FBI warns violent ‘domestic terrorism’ growing in US

Published March 4, 2021
FBI Director Christopher Wray testifies before the Senate Judiciary Committee on Capitol Hill in Washington on Tuesday. — AP
FBI Director Christopher Wray testifies before the Senate Judiciary Committee on Capitol Hill in Washington on Tuesday. — AP

WASHINGTON: FBI Director Christopher Wray bluntly labeled the January riot at the US Capitol as domestic terrorism on Tuesday and warned of a rapidly growing threat of homegrown violent extremism that law enforcement is scrambling to confront through thousands of investigations.

Wray also defended to lawmakers his own agency’s handling of an intelligence report that warned of the prospect for violence on Jan 6. And he firmly rejected false claims advanced by some Republicans that anti-Trump groups had organised the deadly riot that began when a violent mob stormed the building as Congress was gathering to certify results of the presidential election.

Wray’s testimony before the Senate Judiciary Committee, his first before Congress since the insurrection, was one in a series of hearings centered on the law enforcement response to the Capitol insurrection. Lawmakers pressed him not only about possible intelligence and communication failures ahead of the riot but also about the threat of violence from white supremacists, militias and other extremists that the FBI says it is prioritising with the same urgency as the menace of international terrorism organisations.

"Jan 6 was not an isolated event. The problem of domestic terrorism has been metastasising across the country for a long time now and its not going away anytime soon," Wray told lawmakers. "At the FBI, we’ve been sounding the alarm on it for a number of years now."

The violence at the Capitol made clear that a law enforcement agency that remade itself after the Sept 11, 2001, attacks to deal with international terrorism is now labouring to address homegrown violence by white Americans. President Joe Biden’s administration has tasked his national intelligence director to work with the FBI and Department of Homeland Security to assess the threat. And in applying the domestic terrorism label to conduct inside the Capitol, Wray sought to make clear to senators that he was clear-eyed about the scope and urgency of the problem.

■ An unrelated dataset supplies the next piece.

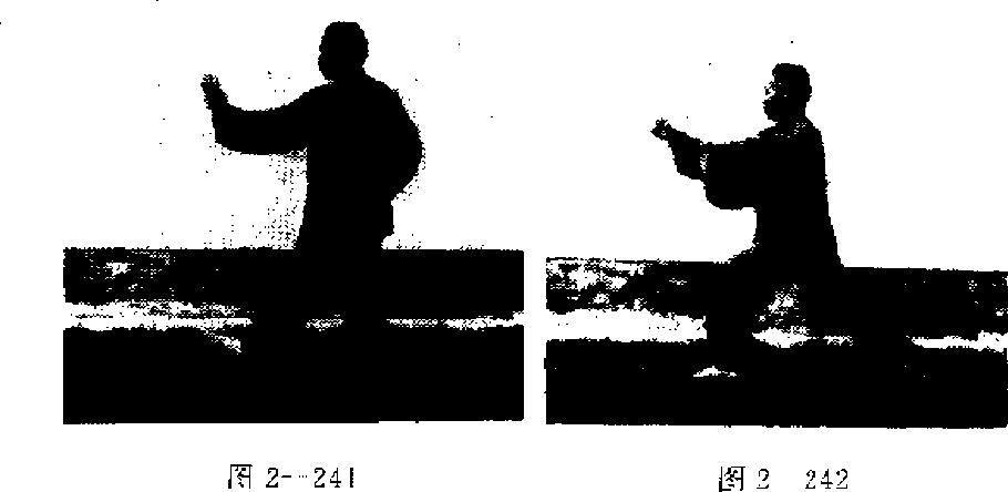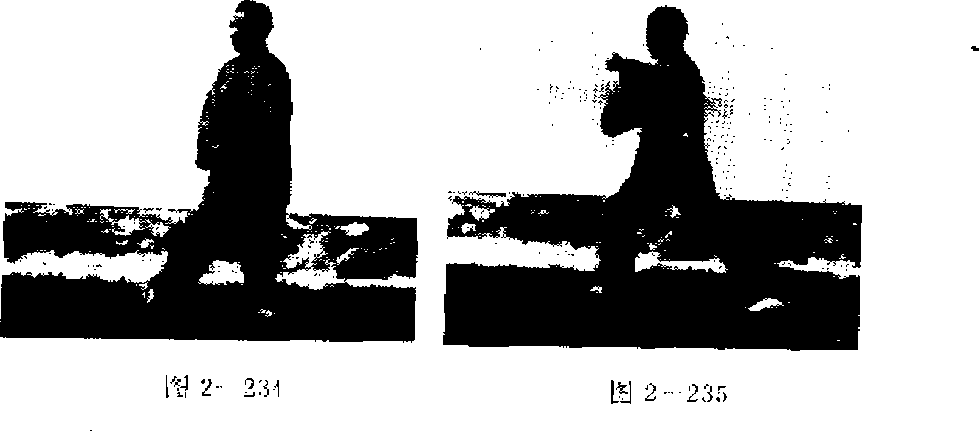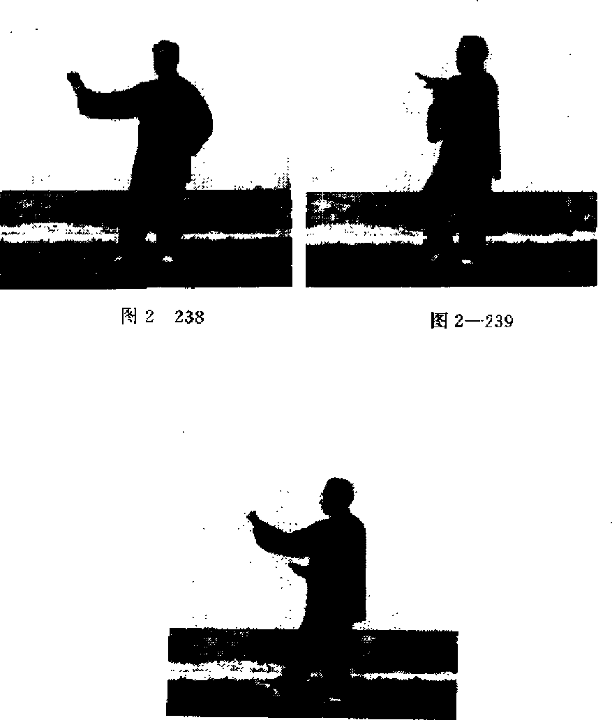 穿吕.再向心前方抹掌,苹心向前下方;眼随右掌转动,最应 视前方(图237)

In quantifying the scale of the FBI’s work, Wray said the number of domestic terrorism investigations has increased from around 1,000 when he became director in 2017 to roughly 1,400 at the end of last year to about 2,000 now. The number of arrests of white supremacists and other racially motivated extremists has almost tripled, he said.

Many of the senators’ questions on Tuesday centered on the FBI’s handling of a Jan 5 report from its Norfolk, Virginia, field office that warned of online posts foreshadowing a war in Washington the following day. Capitol Police leaders have said they were unaware of the report at the time, and the former chief of the department has said he received no intelligence from the FBI that would have led him to anticipate the sort of violence that besieged them on the 6th. Five people died that day, including a Capitol Police officer and a woman who was shot as she tried to climb through a smashed window into the House chamber with lawmakers still inside.

Wray said the report was disseminated through the FBI's joint terrorism task force, discussed at a command post in Washington and posted on an internet portal available to other law enforcement agencies.